A propos de cette « nostalgie », Marianne m’a fait remarquer qu’il existait un groupe en Russie qui considérait que la fin de l’URSS étant illégale, tous ceux y compris le parti communiste qui reconnaissaient cette fin étaient des traitres. J’ai éclaté de rire et je lui ai dit : « mais c’est comme les vieux croyants, ce groupe qui a refusé les changements impulsés par Pierre le Grand, et qui existe encore aujourd’hui. Tu te souviens de cet homme que nous avions rencontrés dans un car en Moldavie, il se signait devant chaque église. Nous avons entamé la discussion, il vendait des poissons rouges. Il était russe à 100%, soviétique autant et il votait communiste. Mais il était aussi le descendant de vieux croyants dont il respectait la foi et la haine des réformes de Pierre le Grand. C’était une sorte d’empilement des refus de l’Occident. » Nous avons continué à discuter et je lui décrivais tous ces vestiges qui m’ont tant frappée lors de nos voyages. Elle me dit qu’elle  a vu récemment un graffiti sur des ruines soviétiques: « Vestiges d’une civilisation plus avancée que la nôtre ».

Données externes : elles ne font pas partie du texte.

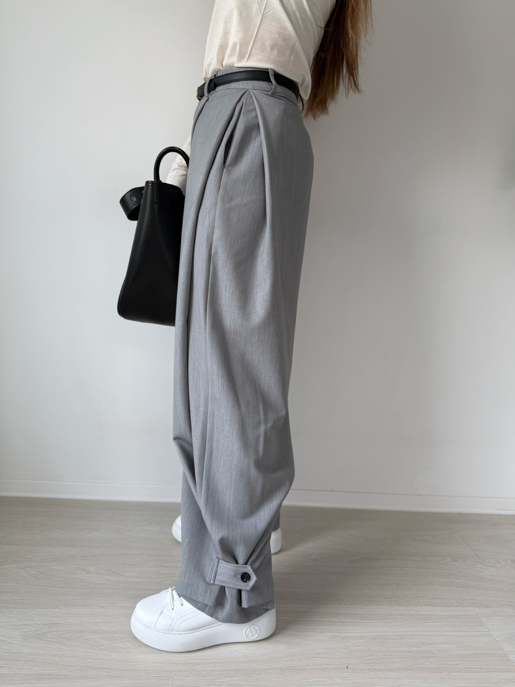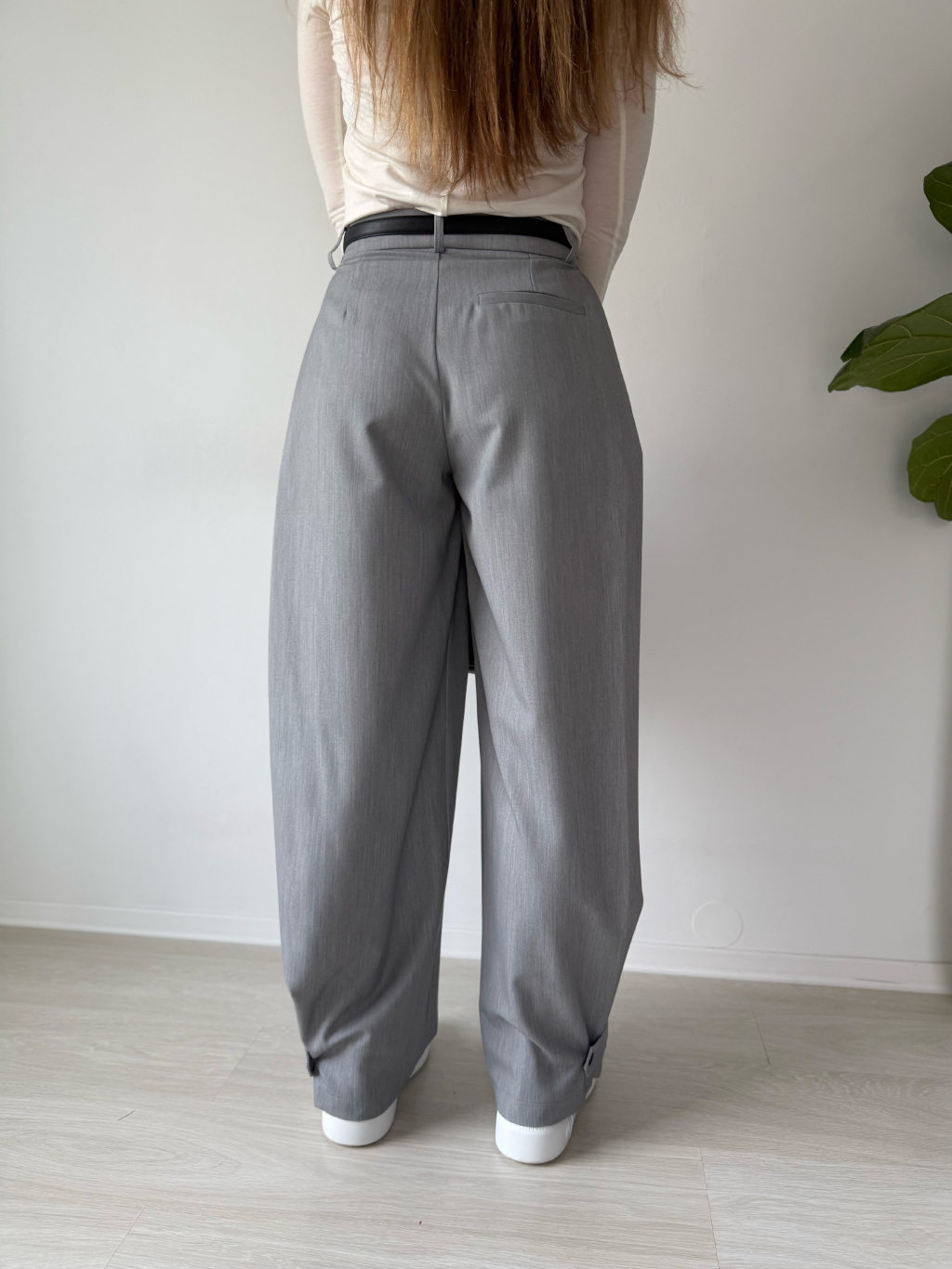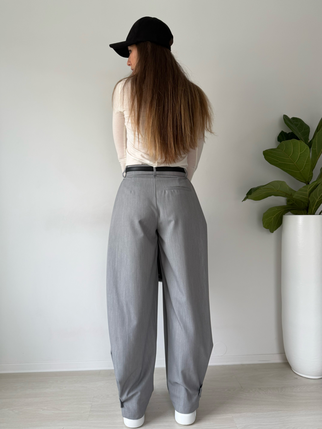 Kalhoty jsou lehké, volné a široké. V pase nepruží. Zapínání na knoflík. Dole lze zapnout na nohavici knoflík a tím změnit styl střihu. Dvě praktické kapsy po stranách a vzadu jedna kapsa falešná.

Nous avons eu quelques minutes auparavant une discussion sur l’appel de l’équipe de Pierre Laurent à la maison de publicité « Josiane ». Marianne n’était pas ennemi du recours à une maison de publicité. Moi non plus si ce n’est qu’au vu du logo celle-ci est médiocre, que les caisses sont vides parce que tout l’argent a été consacré à ce genre de contrat publicitaire, à des sondages et à des raouts avec traiteurs pour des intellectuels sous-produits médiatiques qui ne venaient même pas. Mais il y a pire, ce que nous avons représenté dans le sillage des soviétiques, nous communistes français, c’est une civilisation et eux ils sont à la recherche d’une marque. Le communisme c’est non seulement la riche civilisation soviétique mais la Cubaine et aujourd’hui la chinoise. Les publicistes s’en inspirent, nous on court derrière les publicistes. Tous les créatifs te diront que la nouveauté vient de la rue et que l’artiste s’en empare, et parce qu’il est un virtuose il en joue toutes les gammes y compris celles de la dérision… Nous nous avons renoncé à prendre pied dans la rue, là où se fonde les civilisations et nous cherchons notre salut auprès de gens coupés de la véritable créativité. Pire encore, nous n’osons même pas chercher notre imaginaire dans une nouvelle synthèse créative, nous sommes des petits-bourgeois cherchant à plaire au crémier.

Voilà j’ai compris mon refus instinctif de recevoir des coups inutiles, pour moi le communisme est une civilisation pour eux c’est un gagne pain.